Now, he said, “You’re seeing the disappearance of the true community bank. The smallest community bank is going to be a billion dollars.”

But the trend may be inevitable, said Gary Tice, chairman and CEO of Naples-based First National Bank of the Gulf Coast. “It’s a result, quite frankly, of the economy and what happened to banks — and regulators aren’t going to let that happen again.”

Lafayette, La.-based IberiaBank was dealt most of Orion’s deposits and assets by the Federal Deposit Insurance Co. and customers at Orion’s 23 branches became Iberia’s. Two months ago, Iberia acquired Florida Gulf Bank.

At Orion, Short said, the first reaction of many depositors was to take their money and run when the change occurred, said Keith Short, the bank’s Southwest Florida market president.

“A part of it was that Orion being nonpublicly traded was less transparent,” Short said. “A lot of clients didn’t know what was happening. They couldn’t really find out was going on with their institution.” But, he said, depositors came back as they checked out publicly traded Iberia.
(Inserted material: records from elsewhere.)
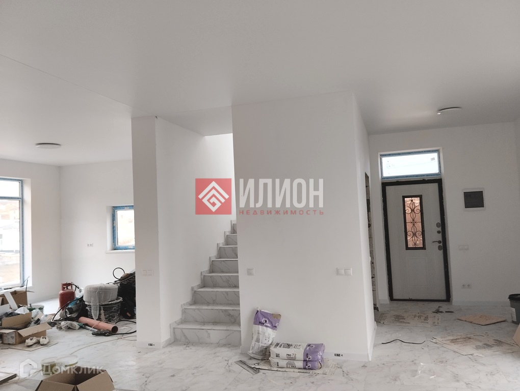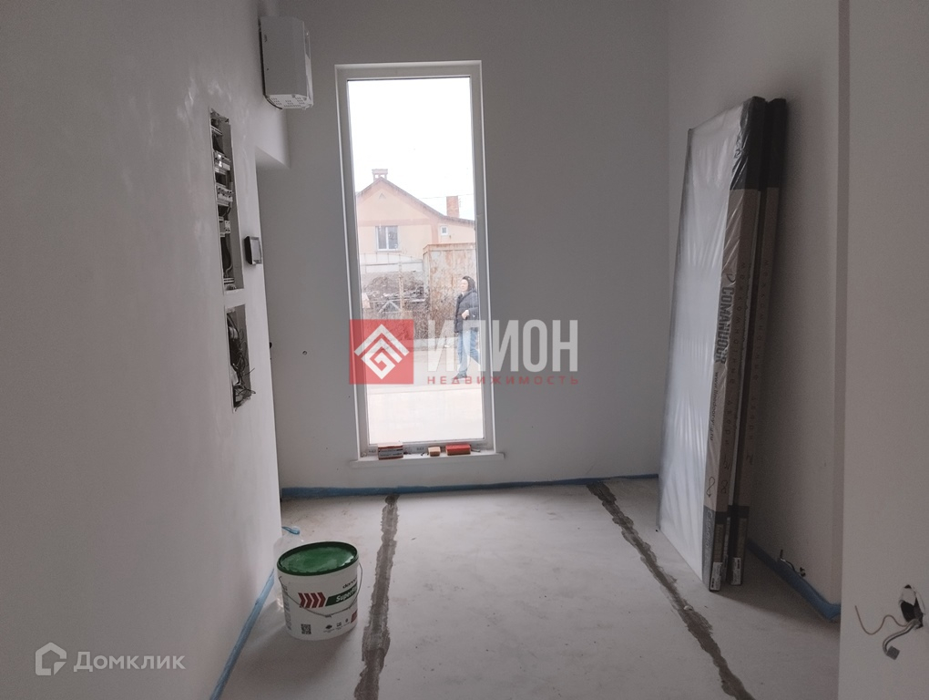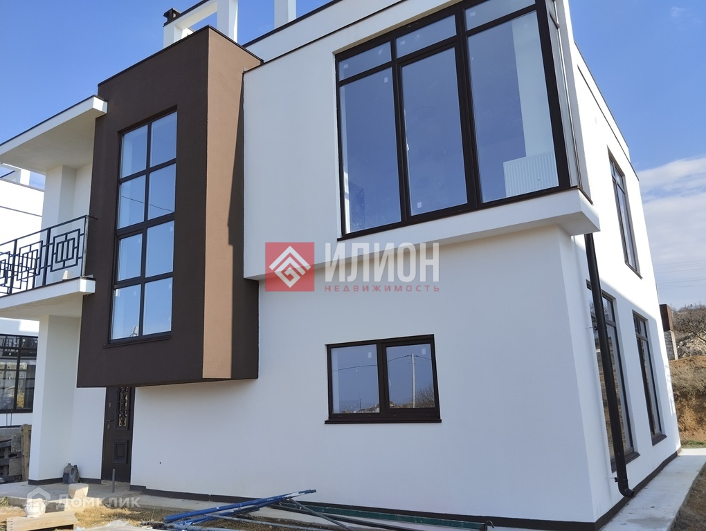 Дом построен  из газобетона, фасад утеплен минеральной ватой, высота потолков 3.2 метра. Есть третий этаж- эксплуатируемая кровля с видом на берег моря. Витражные окна по периметру. Дом светлый
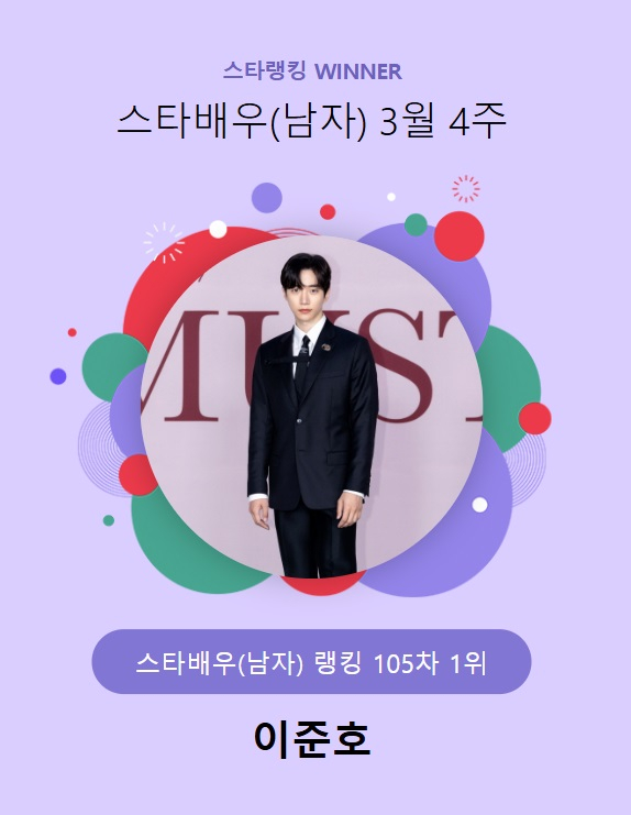 이준호는 지난 20일 오후 3시 1분부터 27일 오후 3시까지 진행된 3월 4주(105차) 스타랭킹 스타배우 남자 랭킹 투표에서 3만 5677표로 1위를 기록했다.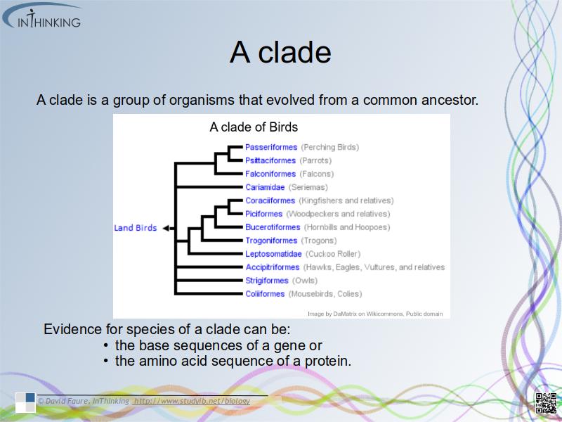 - A clade is a group of organisms that have evolved from a common ancestor.

Short noted that Iberia came into this market during “dark days, particularly for Lee County.”

But as the area slowly recovers from the recession, he said, stronger banks with the ability to lend money will be an integral part of that. Iberia has a loan portfolio of $7.5 billion.

Morris said better-capitalized banks are necessary but that he has qualms about too much consolidation.

He recalled going into a London bank in the mid-1980s. “It was a big city bank but there were only four or five big banks in the country.”

He noticed that “there was one desk with eight telephone lines” while an American bank would have had eight desks with one line each.

At a certain point, Morris said, “All you’re doing is paying and receiving. You’re not providing any service.”